Поколение оттепели. Воспоминания
Шрифт:
В конце января Борис Шрагин, муж Наташи Садомской, показал мне письмо, которое он адресовал генеральному прокурору Роману Руденко. В нем повторялись требования, изложенные в обращении Ларисы и Павла «К мировой общественности». Я подписала это письмо и предложила показать его нескольким друзьям — пусть тоже подпишут.
Одним из первых письмо увидел математик Юлик Добрушин.
— Если можно убрать последние строчки, я с удовольствием подпишу, — сказал он. — Думаю, несколько моих друзей тоже подпишут.
Там говорилось, что, если Руденко не ответит на письмо, авторы будут вынуждены обратиться
Юлик подписал письмо и за два дня получил подписи восьми друзей. Я отправилась собирать подписи нищих сибаритов. Первым подписал Коля Вильямс. Потом я навестила Славу Грабаря. Он и его жена, Лена Копелева, тоже поставили свои подписи.
Следующим был Лесь Танюк, режиссер Московского центрального детского театра. Раньше он жил на своей родной Украине, где ему приходилось переезжать с места на место, как кочевому цыгану. В начале шестидесятых он заведовал в Киеве Клубом творческой молодежи. Одно время комсомол поощрял новые формы досуга, надеясь оживить официальную пропаганду и усилить патриотическое воспитание. В клубе собирались студенты, рабочие, молодые специалисты, часто выступали писатели, критики, поэты — до тех пор, пока комсомольские лидеры не осознали, что, собравшись вместе, патриоты читают стихи, не публиковавшиеся в советских изданиях, и обсуждают историю Украины совсем не так, как ее преподавали в школе. Клуб прикрыли, и Танюк переехал в Одессу, нашел работу режиссера в маленьком городском театре и уговорил местный комсомол открыть Клуб творческой молодежи. Клуб просуществовал недолго, спектакли запрещались. Танюк переехал во Львов, потом в Харьков — везде история повторялась. Устав от маленьких театров и комсомольских боссов на Украине, Танюк перебрался в Москву.
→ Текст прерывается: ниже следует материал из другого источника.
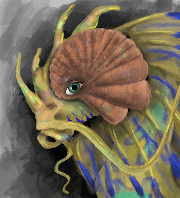 I think I am pretty much done with this one. I now want to make a full body pose of him with his head ring wide open. I like the translucency of it and the really bright blue colour.
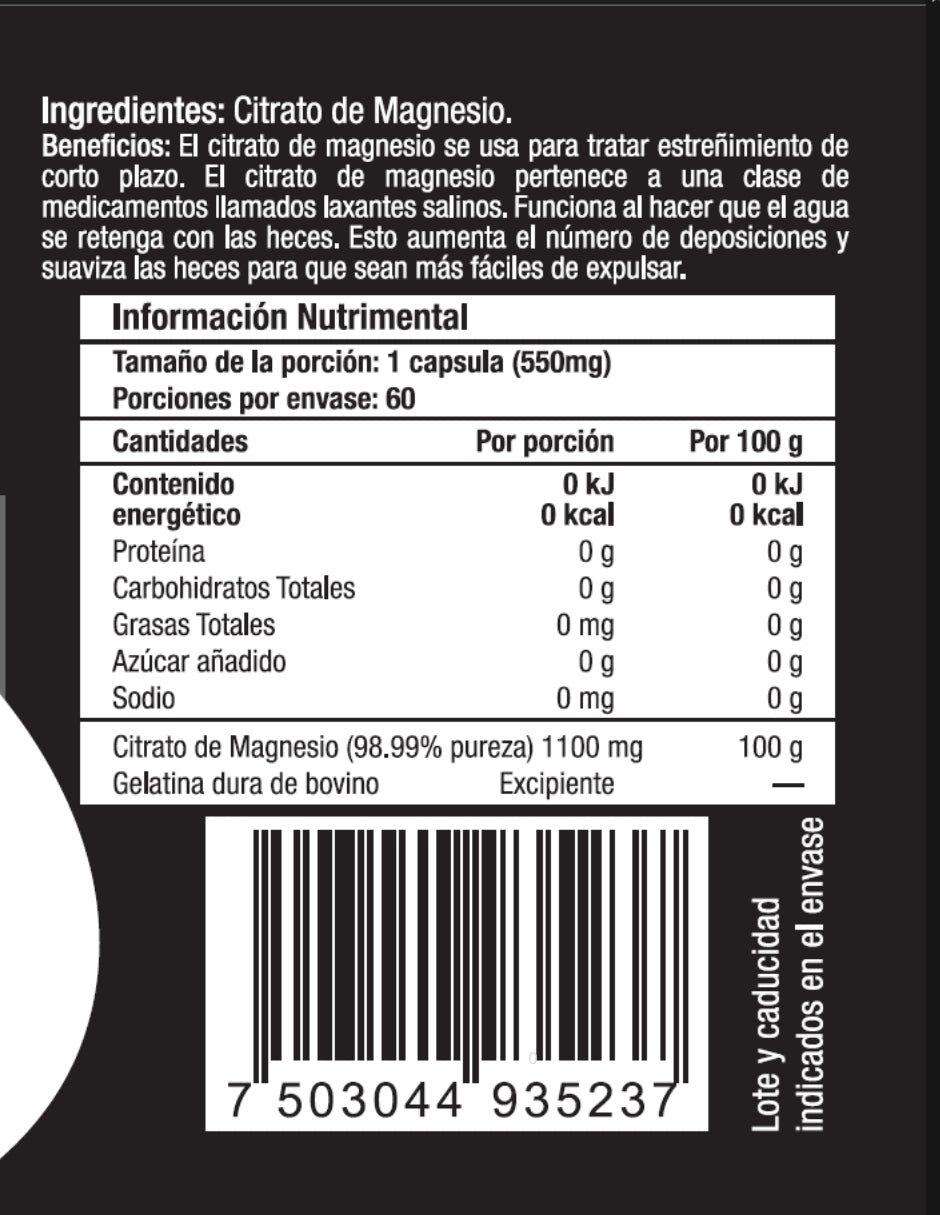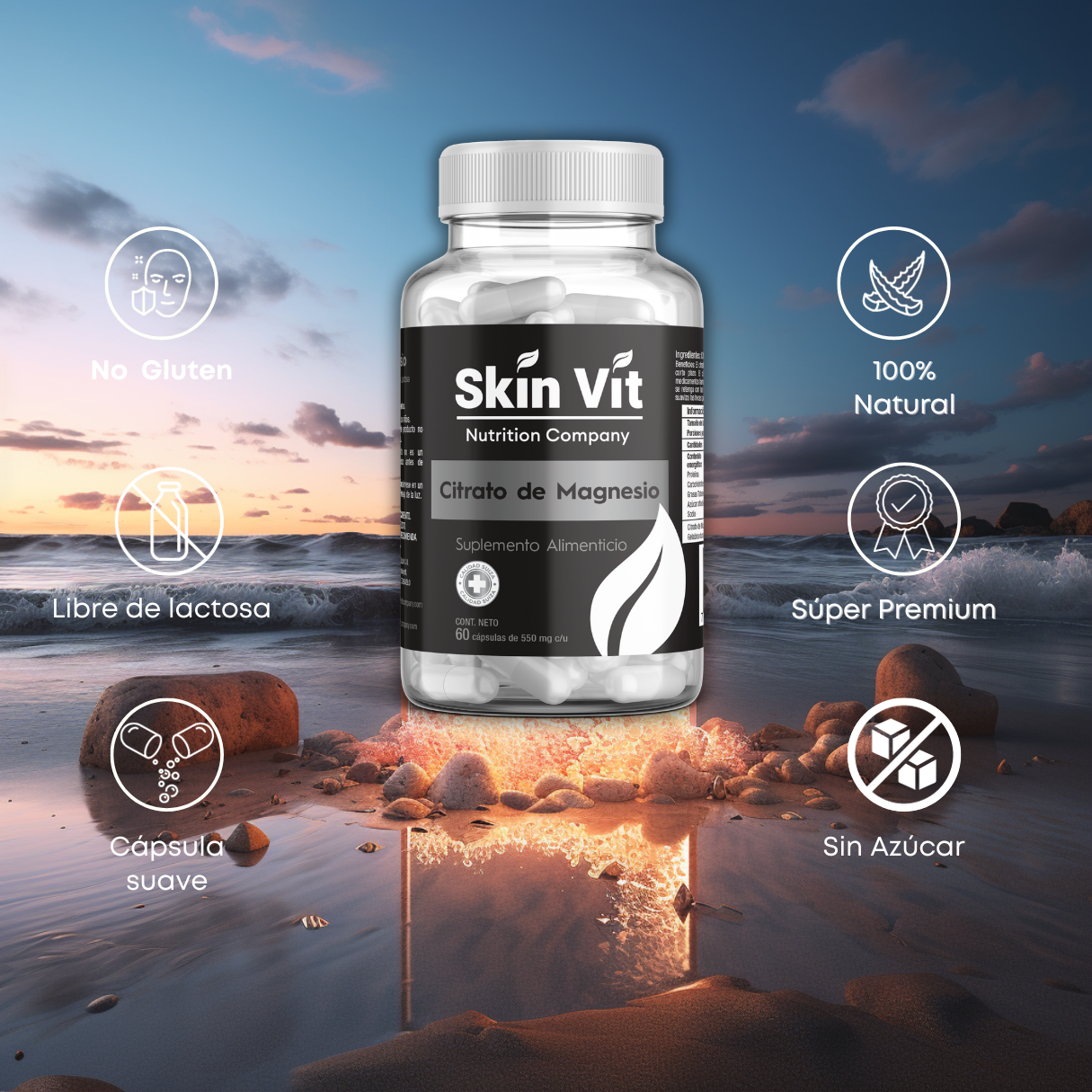 Skin Vit Nutrition Company - Super Premium Health presenta el Citrato de Magnesio en un formato de 60 Cápsulas.

— Встретимся вечером, в половине одиннадцатого, в сквере у Большого театра, — предложил Лесь, когда я до него дозвонилась.
Мы сели на скамейку под фонарем. Танюк бегло просмотрел документ, как будто уже был знаком с содержанием, и подписал его. Он, конечно, понимал, что может снова потерять работу, но ему было не привыкать.
Следующим вечером я отправилась к одному знакомому, которого мы с Ларисой считали своим другом. Не так давно он помогал Толе, когда тот писал «Мои показания», давал книги для отправки в лагеря, вносил деньги в наш «Красный крест».
Он внимательно прочитал письмо и, возвращая мне, сказал:
— Я не стану подписывать. Более того, я бы и вам посоветовал убрать свою подпись.
— Почему?
— Потому что делать что-то полезное и вести себя как идиоты — это большая разница. Посылать такое письмо — это все равно что пойти в КГБ и сказать: «Вот они мы. Вот что мы делаем. Вот наши адреса. Присылайте за нами „черный ворон“, когда вам будет удобно». Этим людям платят за то, чтоб они нас искали. Делать работу за них — это просто идиотизм.
— Но как можно добиваться гласности, чтоб об этом не стало известно КГБ?
Если принять этот аргумент и быть последовательным, нельзя не действовать открыто. И с этим придется жить.
Через несколько дней, без предупреждения, появилась Лариса.
— Это ты вычеркнула из письма последнюю фразу?
— Я это предложила.
— Ты не имела права менять текст автора.
— Я его спрашивала, и он согласился.
— Зачем ты это сделала?
— Юлик
— А о тех, кто подписал первый вариант письма, ты подумала? Ты ведь не знаешь, стали бы они подписывать письмо без последней фразы.
— Но с этой фразой не подписали бы друзья Юлика.
— Ну так и черт с ними!
Лариса ушла, хлопнув дверью. Дня на два — три мы превратились в идеологических противников.
Примерно через месяц после суда над Гинзбургом и Галансковым, 14 февраля, в квартиру Алика Есенина-Вольпина вошли милиционеры в сопровождении психиатра. Услышав от них: «Пройдемте», Алик ответил кратко: «Не пойду» и не сдвинулся с места. Он не сопротивлялся, но и помогать незаконной акции насильственного задержания не собирался. Его буквально выволокли из дома и поместили в психиатрическую больницу для хроников и направленных на принудительное лечение уголовников.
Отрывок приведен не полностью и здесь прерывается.